*** Begin section ***

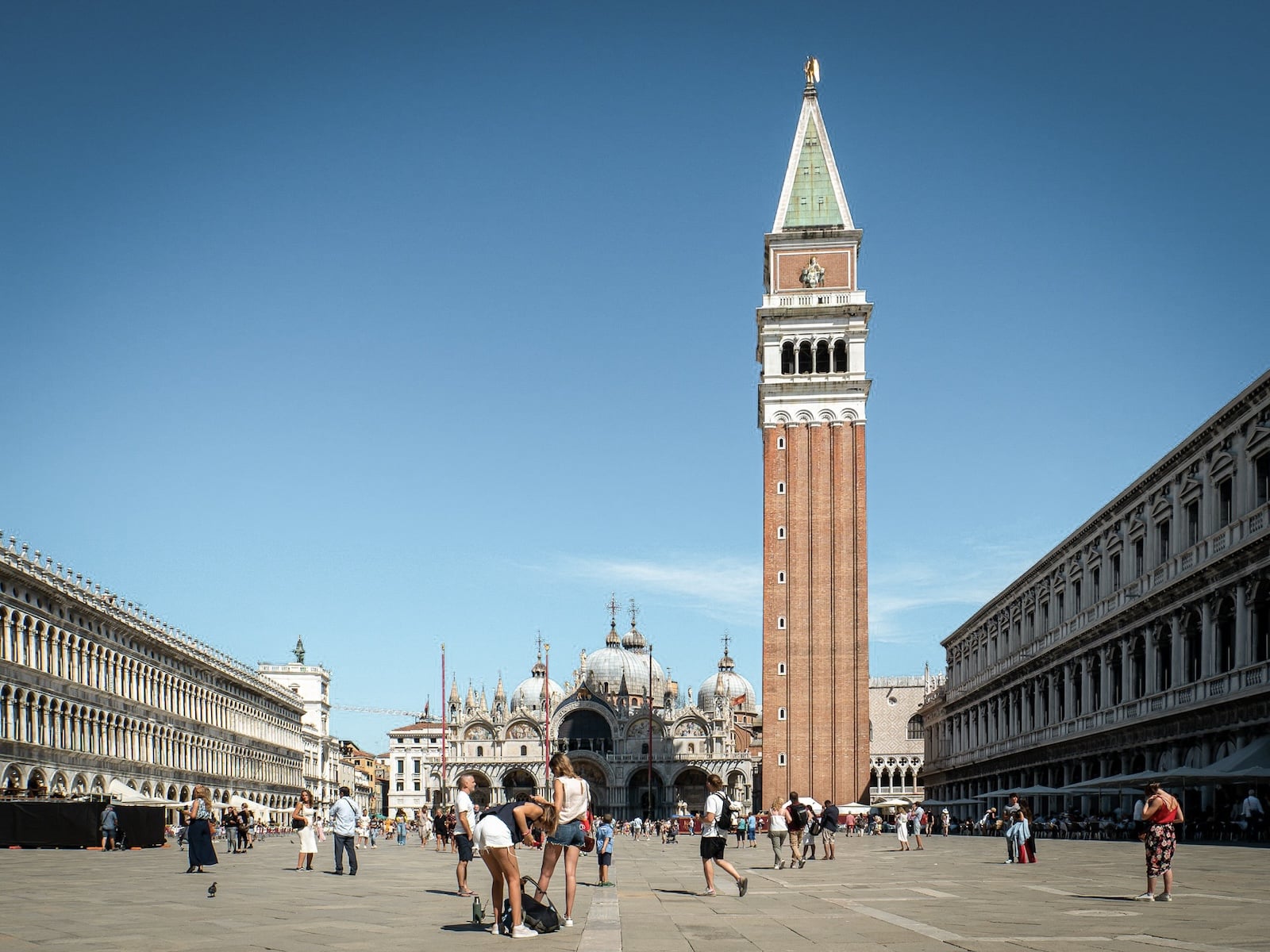 Levez la tête pour voir le clocher à 98,6 mètres ! A la clé, un magnifique panorama sur la ville, les îles et la lagune.
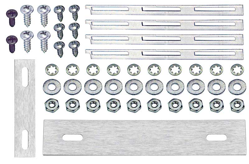 This console gauge assembly screw kit contains enough screws and washers to assemble or reassemble a set of reproduction or original console gauges into the housing for 1968-69 Camaro with a floor console. Also includes 4 aluminum clips to attach the gauge bezels to the housing and steel 2 brackets to mount the gauge assembly to the console. Although not cosmetically correct in appearance, this kit will function as original.
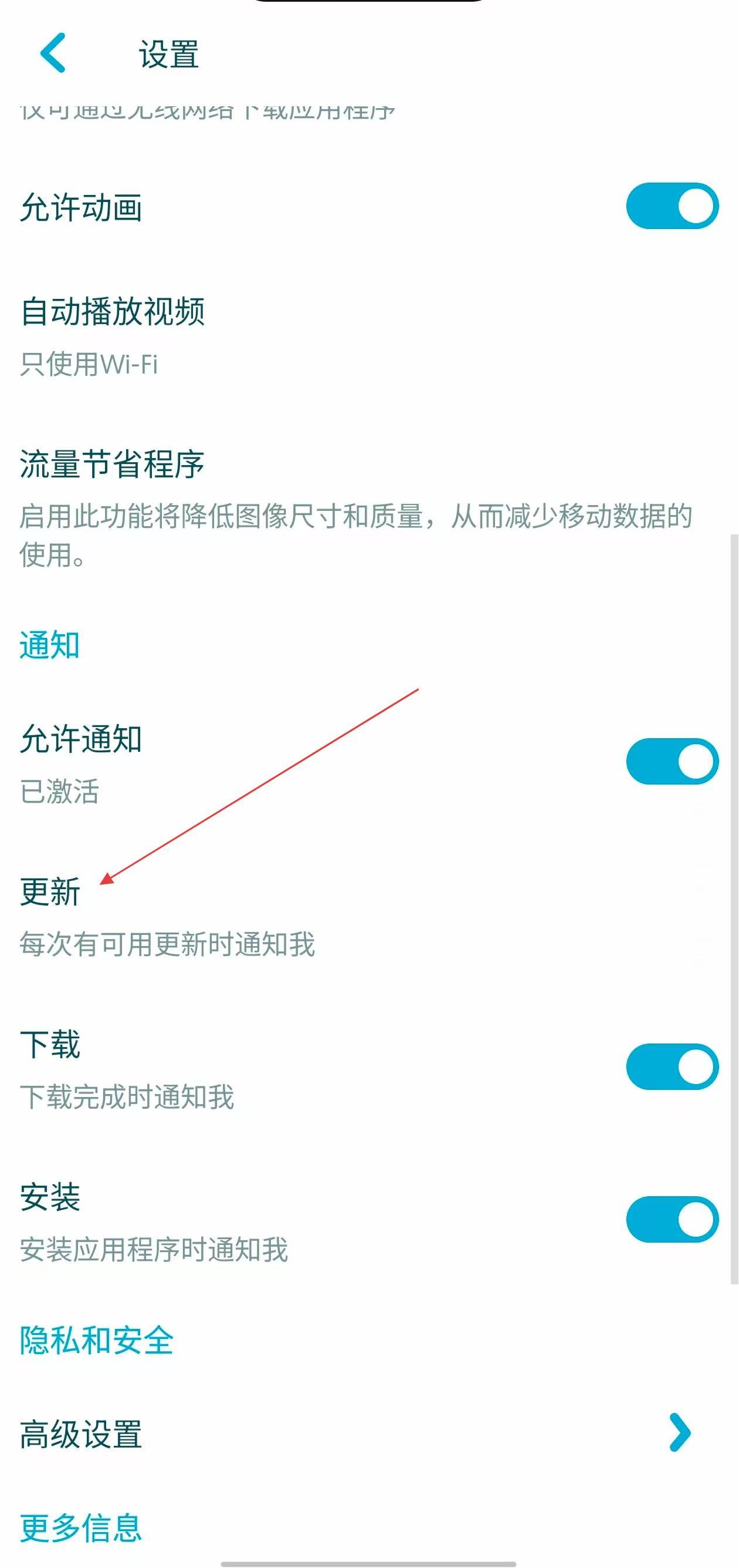 3、在設(shè)置界面里,點擊更新選項,彈出更新設(shè)置窗口。
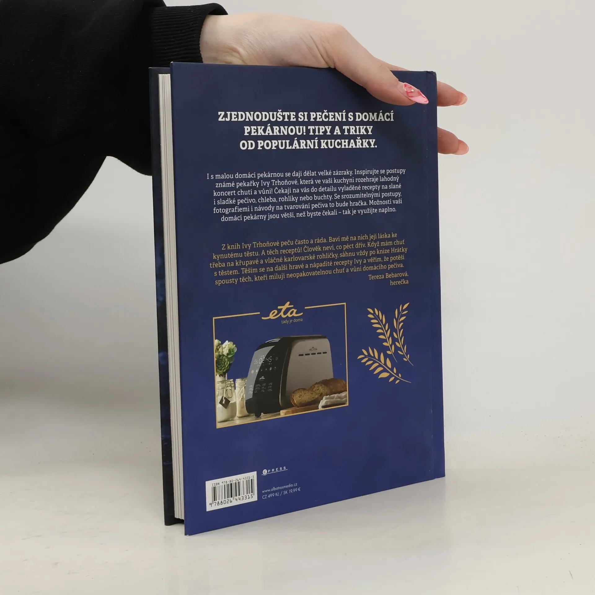 Zamilujte si pečení s domácí pekárnou. I s malou domácí pekárnou se dají dělat velké zázraky. Inspirujte se postupy známé pekařky Ivy Trhoňové, která ve vaší kuchyni rozehraje lahodný koncert chutí a vůní! Čekají na vás do detailu vyladěné recepty na slané i sladké pečivo, chleba, rohlíky nebo buchty. Se srozumitelnými postupy, fotografiemi i návody na tvarování pečiva to bude hračka. Možnosti vaší domácí pekárny jsou větší, než byste čekali – tak je využijte naplno.
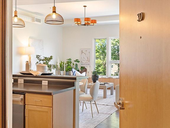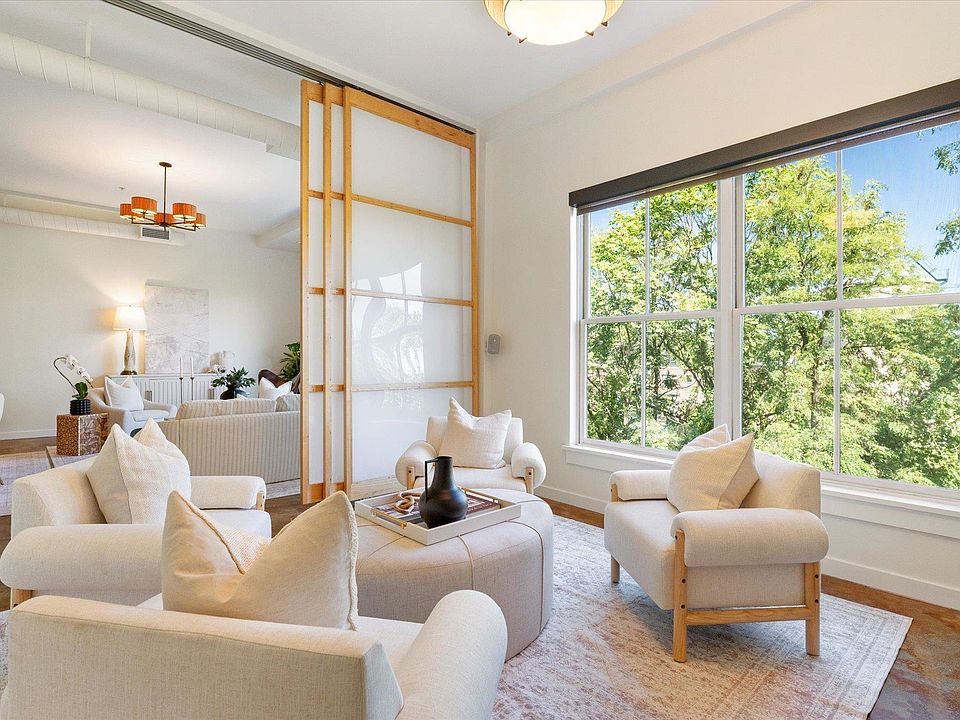 OPEN HOUSE 10/4 Chic and contemporary, this two-story condo in Belmont Lofts combines modern design with an unbeatable location. The main level features soaring ceilings, an open-concept floor plan, and expansive windows framing both urban and verdant views. The kitchen and living area connect seamlessly, while custom Shoji panel flex walls provide the option for a den or main-level bedroom. Finishes include concrete, hardwood, and ceramic tile flooring, maple cabinetry, and fresh updates with new paint and appliances throughout. A bright stairwell leads to the private rooftop terrace—perfect for entertaining or relaxing above the city. Upstairs, the spacious owner’s suite offers a walk-in closet, additional hall closet, and a full bath. This unit includes a secure storage area, one assigned indoor garage space within a gated entry, plus an extra unassigned outdoor parking spot. Association fees cover trash and recycling, water, sewer, gas, and all exterior maintenance for truly low-maintenance living. Set on several landscaped acres with its own courtyard and gardens, this community provides a private retreat in the heart of Charlottesville—just a short walk to Belmont’s shops and restaurants, IX Art Park, and the Downtown Mall.
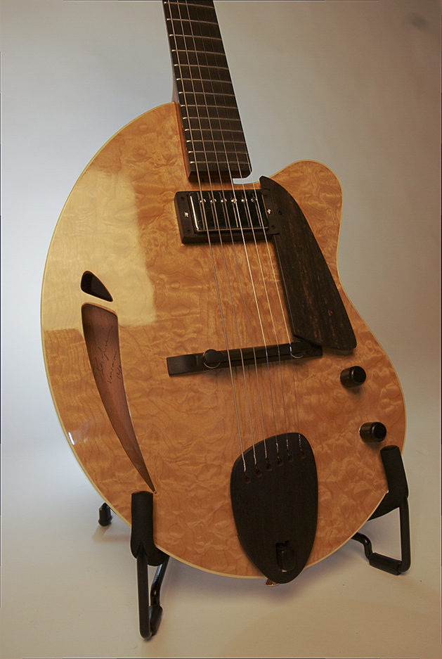 I specialize in acoustic and semi-acoustic archtop guitars but have been known to build the occasional Five Course Baroque instrument. I generally employ a baroque-style back consisting of arched strips on my archtops which contributes to a light, resonant instrument where the back is more than just a reflective surface. In the “on the bench” section you’ll be able to see things taking shape. Please feel free to contact me with any questions or inquiries. Thank you for stopping by!
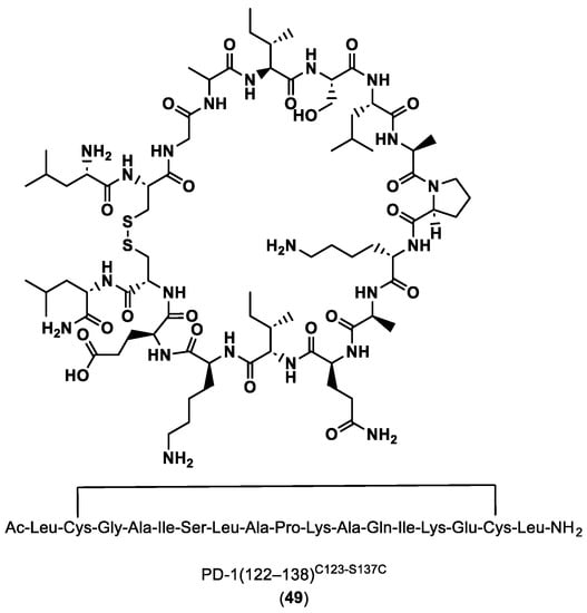 PD-1(122–138) C123-S137C (49) in Figure 10 has been shown to have the best inhibitory activity, so its 3D NMR structure was established and the binding site to PD-L1 was determined using molecular modeling methods. These results showed that the peptides synthetized are able to mimic the PD-1 interactions and block the PD-1/PD-L1 interaction.
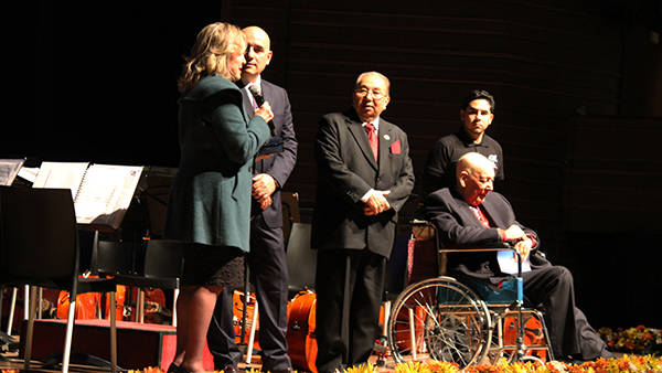 La segunda parte del concierto empezó con una ceremonia de reconocimiento. Primero entró al escenario Enrique Bernales quien se dirigió al público: “Con Miguel nos ha unido siempre el amor a la música, quisiera contarles tantas anécdotas de Miguel de las que soy testigo, sin embargo se me ocurre pensar que él es una especie de personaje que viene del siglo XV, del siglo XVI, un hombre del Renacimiento, una mezcla de Vivaldi y de Quijote, de Vivaldi por esa entrega y dedicación a la música y de Quijote porque en él ningún sueño es un imposible. Todos los ha realizado en medio de mil vicisitudes, en un país donde es tan difícil hacer música. Miguel es un triunfador. Lo he acompañado prácticamente en todos los centros culturales de Lima. Esa mezcla de Vivaldi y Quijote lo llevó a este bello programa donde estos niños hablan por él y por todo lo que él ha hecho. Viaja por todo el Perú para crear los núcleos musicales de tal manera que esta orquesta tenga una perpetua y constante renovación. Un esfuerzo ciertamente maravilloso, un esfuerzo que solamente lo puede hacer una persona que tiene dos inmensas virtudes: la perseverancia que le da la fe en lo que él cree que es la música, y, como él me dijo una vez, para mí la música no es escucharla, la música es compartirla”.

*** End section ***

Return the listing unchanged, but drop every picture.

• [Solution to this exercise]:
 Levez la tête pour voir le clocher à 98,6 mètres ! A la clé, un magnifique panorama sur la ville, les îles et la lagune.
 This console gauge assembly screw kit contains enough screws and washers to assemble or reassemble a set of reproduction or original console gauges into the housing for 1968-69 Camaro with a floor console. Also includes 4 aluminum clips to attach the gauge bezels to the housing and steel 2 brackets to mount the gauge assembly to the console. Although not cosmetically correct in appearance, this kit will function as original.
 3、在設(shè)置界面里,點擊更新選項,彈出更新設(shè)置窗口。
 Zamilujte si pečení s domácí pekárnou. I s malou domácí pekárnou se dají dělat velké zázraky. Inspirujte se postupy známé pekařky Ivy Trhoňové, která ve vaší kuchyni rozehraje lahodný koncert chutí a vůní! Čekají na vás do detailu vyladěné recepty na slané i sladké pečivo, chleba, rohlíky nebo buchty. Se srozumitelnými postupy, fotografiemi i návody na tvarování pečiva to bude hračka. Možnosti vaší domácí pekárny jsou větší, než byste čekali – tak je využijte naplno.
 OPEN HOUSE 10/4 Chic and contemporary, this two-story condo in Belmont Lofts combines modern design with an unbeatable location. The main level features soaring ceilings, an open-concept floor plan, and expansive windows framing both urban and verdant views. The kitchen and living area connect seamlessly, while custom Shoji panel flex walls provide the option for a den or main-level bedroom. Finishes include concrete, hardwood, and ceramic tile flooring, maple cabinetry, and fresh updates with new paint and appliances throughout. A bright stairwell leads to the private rooftop terrace—perfect for entertaining or relaxing above the city. Upstairs, the spacious owner’s suite offers a walk-in closet, additional hall closet, and a full bath. This unit includes a secure storage area, one assigned indoor garage space within a gated entry, plus an extra unassigned outdoor parking spot. Association fees cover trash and recycling, water, sewer, gas, and all exterior maintenance for truly low-maintenance living. Set on several landscaped acres with its own courtyard and gardens, this community provides a private retreat in the heart of Charlottesville—just a short walk to Belmont’s shops and restaurants, IX Art Park, and the Downtown Mall.
 I specialize in acoustic and semi-acoustic archtop guitars but have been known to build the occasional Five Course Baroque instrument. I generally employ a baroque-style back consisting of arched strips on my archtops which contributes to a light, resonant instrument where the back is more than just a reflective surface. In the “on the bench” section you’ll be able to see things taking shape. Please feel free to contact me with any questions or inquiries. Thank you for stopping by!
 PD-1(122–138) C123-S137C (49) in Figure 10 has been shown to have the best inhibitory activity, so its 3D NMR structure was established and the binding site to PD-L1 was determined using molecular modeling methods. These results showed that the peptides synthetized are able to mimic the PD-1 interactions and block the PD-1/PD-L1 interaction.
 La segunda parte del concierto empezó con una ceremonia de reconocimiento. Primero entró al escenario Enrique Bernales quien se dirigió al público: “Con Miguel nos ha unido siempre el amor a la música, quisiera contarles tantas anécdotas de Miguel de las que soy testigo, sin embargo se me ocurre pensar que él es una especie de personaje que viene del siglo XV, del siglo XVI, un hombre del Renacimiento, una mezcla de Vivaldi y de Quijote, de Vivaldi por esa entrega y dedicación a la música y de Quijote porque en él ningún sueño es un imposible. Todos los ha realizado en medio de mil vicisitudes, en un país donde es tan difícil hacer música. Miguel es un triunfador. Lo he acompañado prácticamente en todos los centros culturales de Lima. Esa mezcla de Vivaldi y Quijote lo llevó a este bello programa donde estos niños hablan por él y por todo lo que él ha hecho. Viaja por todo el Perú para crear los núcleos musicales de tal manera que esta orquesta tenga una perpetua y constante renovación. Un esfuerzo ciertamente maravilloso, un esfuerzo que solamente lo puede hacer una persona que tiene dos inmensas virtudes: la perseverancia que le da la fe en lo que él cree que es la música, y, como él me dijo una vez, para mí la música no es escucharla, la música es compartirla”.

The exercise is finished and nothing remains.